She and Abraham laugh themselves silly, but a year later a child is born and given the name Isaac, “laughter,” or “he who laughs.” Although it is up to him to carry on to the fulfillment of the promises made, “He Who Laughs” becomes the one who sees the knife gripped in his father’s hand about to sacrifice him to the same Lord of the Promises, until, lo and behold, an angel say, “OK, that’s far enough! There is a ram nearby. Sacrifice that instead and let the boy live.”

Yet, for this all to go forward the boy needs a wife and child. Abraham arranges for Rebekah to be that wife. All looks well until she too remains barren for twenty years. [Genesis 25:19-34] One would think Yahweh, he who utters promises, might make it all easier. Nevertheless, Isaac appeals for help, and Rebekah conceives – not one, but two children ‘struggle’ within her we are told. The Hebrew is more like they are crushing one another, a sign of future struggles. Now Rebekah cries to the Lord in despair, “If it is to be this way, why do I live?”

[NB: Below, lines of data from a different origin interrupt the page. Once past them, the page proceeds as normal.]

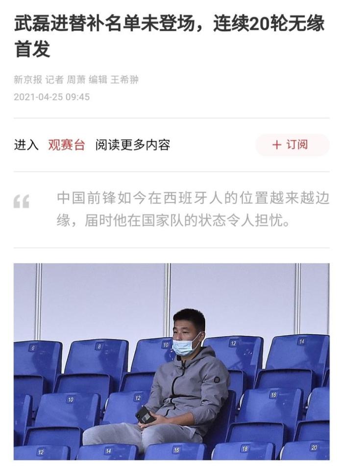 连续20轮比赛未首发, 新京报: 武磊状态让人担忧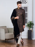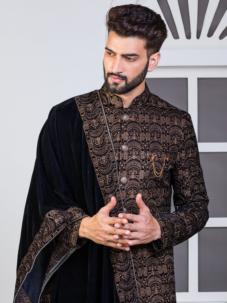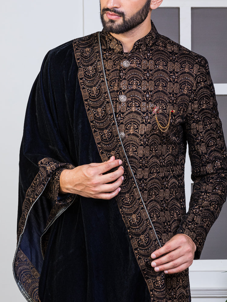 Navy Velvet Embroidered Sherwani Set with Dupatta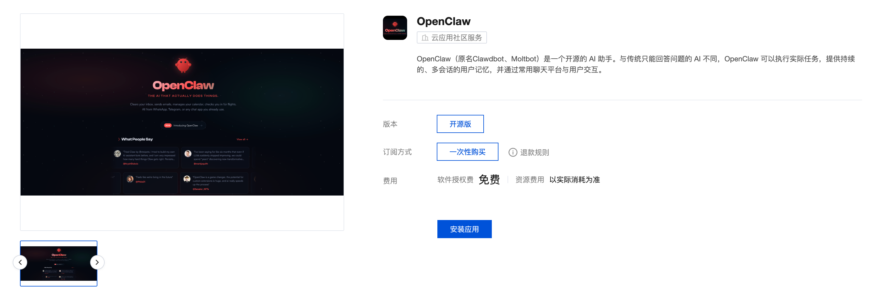 Openclaw 来自开源社区,云应用不收费。云资源部分包含云服务器和 DeepSeek API,按照实际消耗计费。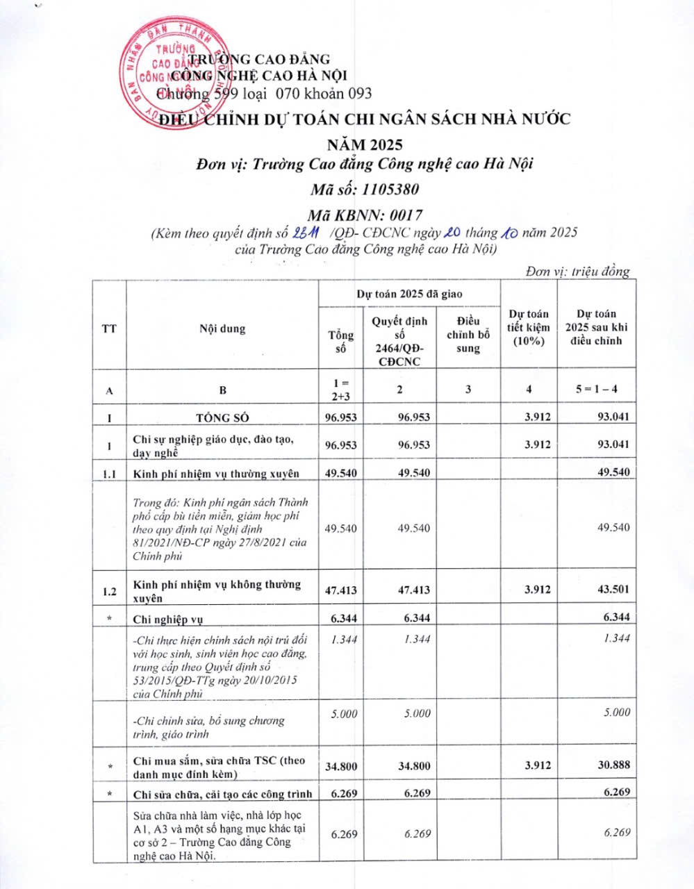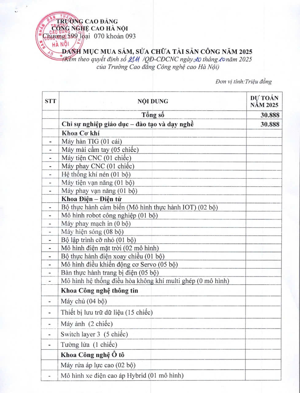 Quyết định số 2056/QĐ – CĐCNC v/v phê duyệt lựa chọn đối tác liên kết khai thác sử dụng tài sản công phục vụ hoạt động đào tạo, dịch vụ của Trường Cao đẳng Công nghệ cao Hà Nội năm 2025 tại vị trí tầng 2 nhà E và nhà A5 diện tích 465m2 CS2.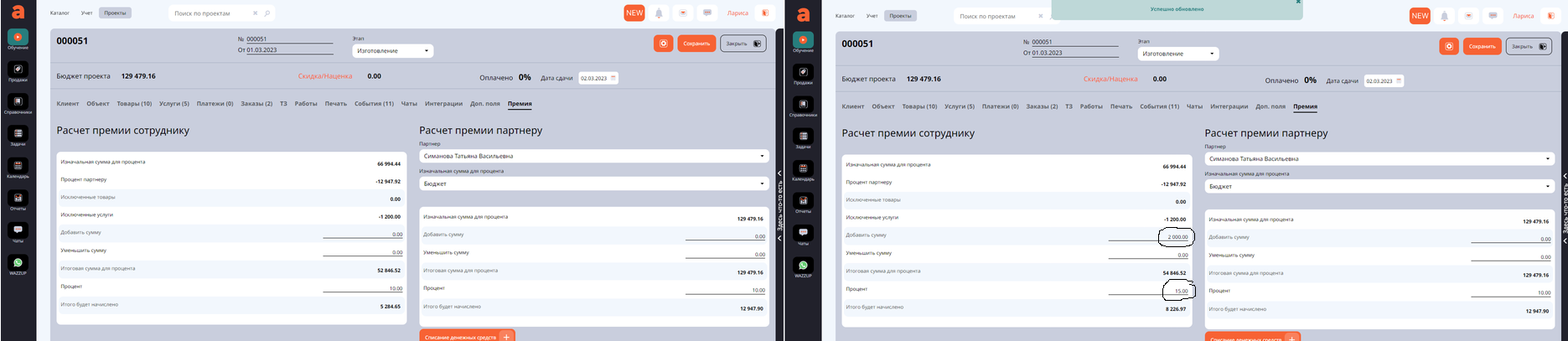 Рассчитаем зарплату. Изменения в расчете премии в одном из проектов перенеслись общий расчет премии в расчете зарплаты.

The Lord replies with what can only be described as an oracle: Two nations are in your womb, and two peoples born shall be divided; the one shall be stronger than the other, the elder shall serve the younger. Sure enough, first comes the strong and hairy one, Esau who becomes a great hunter, followed by Jacob, literally “the heel-grabber,” apparently trying to pull Esau back so as to emerge ahead of him. “Heel-grabber” really means more like “trickster,” “scoundrel,” or “rascal.” This is not a compliment. He, we are told, attends the flocks and lives in tents. Yet, as the younger, how odd it seems that he will be the one to further the promises made. There is trouble in the tenthold. Isaac “loves” Esau, while Rebekah “loves” the Trickster.

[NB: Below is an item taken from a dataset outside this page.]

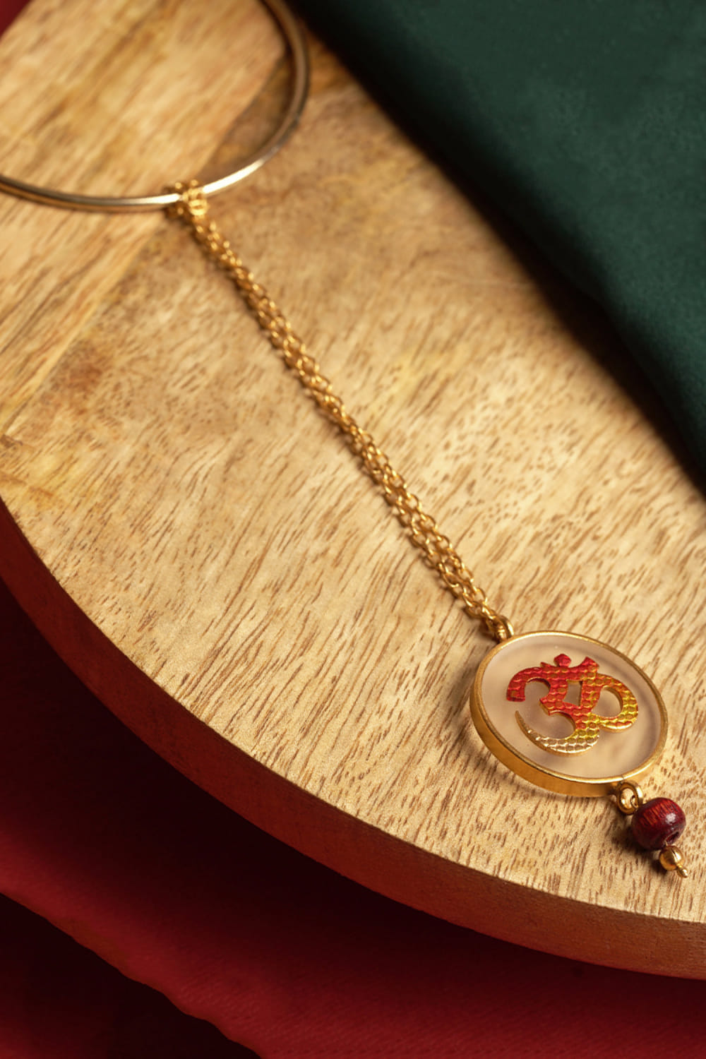 Suhani Pittie designs this magnificent lumba rakhi for your sister-in-law embraced in a 22kt gold-finish laden with a hand painted Om motif on acrylic featuring chandan bead embellishments and chain detailing.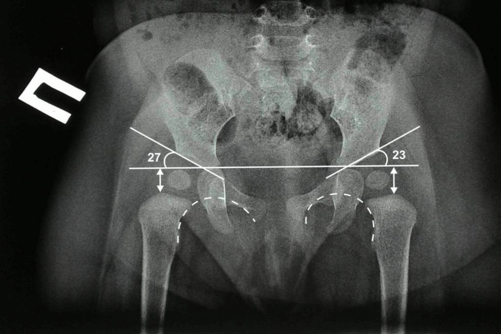 У новорожденных вертлужная впадина и большая часть бедренной головки представлены хрящевой тканью, поэтому на рентгенологических снимках не видны. Для трактовки результатов используют различные схемы с проведением специальных линий, чтобы рассчитать угол наклона крыши вертлужной впадины. В норме он должен быть не меньше 30° у новорожденных и примерно 20° – у малышей от трех месяцев и старше.

Indeed, he tricks his brother Esau to give up his birthright for a bowl of lentil stew. This appears to be OK with the Lord, thus upturning the rights of primogeniture. This also means he will be the spiritual and ancestral head of the family. Just to make sure, Rebekah conspires to trick the now old and blind Isaac into blessing Jacob disguised as Esau. The last is now first. Soon, however, Esau wants to kill his brother and retain his birthright. Rebekah urges Jacob to leave.

While on the lam, Yahweh renews the promises to Jacob. He who contrived to gain an undeserved birthright and blessing is now described as the one through whom the entire human family will receive blessing! Yet this is no accident, no “fluke” of history. It is the unfolding intention of God who, Jacob’s unsavory character notwithstanding, promises to accompany the fugitive in order to ensure his safety and well-being. The solitary Jacob is solitary no more: “Know that I am with you and will keep you wherever you go” [Gen 28:15] Yahweh’s eternal presence is secured.

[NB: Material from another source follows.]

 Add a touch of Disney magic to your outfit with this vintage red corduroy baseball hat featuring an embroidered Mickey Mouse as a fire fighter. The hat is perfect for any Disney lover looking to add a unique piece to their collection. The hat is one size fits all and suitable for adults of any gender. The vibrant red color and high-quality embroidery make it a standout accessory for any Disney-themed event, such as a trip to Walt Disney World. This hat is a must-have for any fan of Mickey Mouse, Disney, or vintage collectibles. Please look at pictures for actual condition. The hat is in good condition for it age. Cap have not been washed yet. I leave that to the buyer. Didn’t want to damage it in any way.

Jacob is renamed Israel by the Lord, meaning “he who has struggled with God.” Things do not go any more smoothly for Jacob as Israel. Esau remains out to get him. His relative Laban tricks him to marrying not one but two of his daughters, Leah and Rachel! Jacob never gives up his trickery, but remains loyal to Yahweh and demands the same loyalty of all his family which is, as the original promise suggests, quite numerous eventually becoming twelve tribes headed up by his twelve sons.

Yet, throughout this odd and daring narrative, among circumstances that seem deadly and insurmountable, Israel is to remember that Yahweh is with them, the promises remain in force, and that Israel is not to surrender the life of its destiny to present circumstance.

The circumstances of our present time are also freighted with many promises: promises of greatness, promises of economic progress, promises of security – the list is nearly endless among those in the political class. Yet, against all these sorts of promises we are urged to embrace self-sufficiency while continuing to acquire, accumulate and consume all that we possibly can. We are also urged to fear the stranger and believe that “God helps those who help themselves.” We are to depend on ourselves and what we can manage to consume, defending what we have at all costs. As Walter Brueggemann observes in his seminal work, Old Testament Theology: Our insistence on visible circumstance seemingly banishes promise from our world. When promise is banished and circumstance governs, we are most likely left with nothing but fear and despair, whether the fear of “the other,” or the despair of the self-sufficient or of the dis-empowered. And fear and despair, says Brueggemann, are no basis for a viable social community.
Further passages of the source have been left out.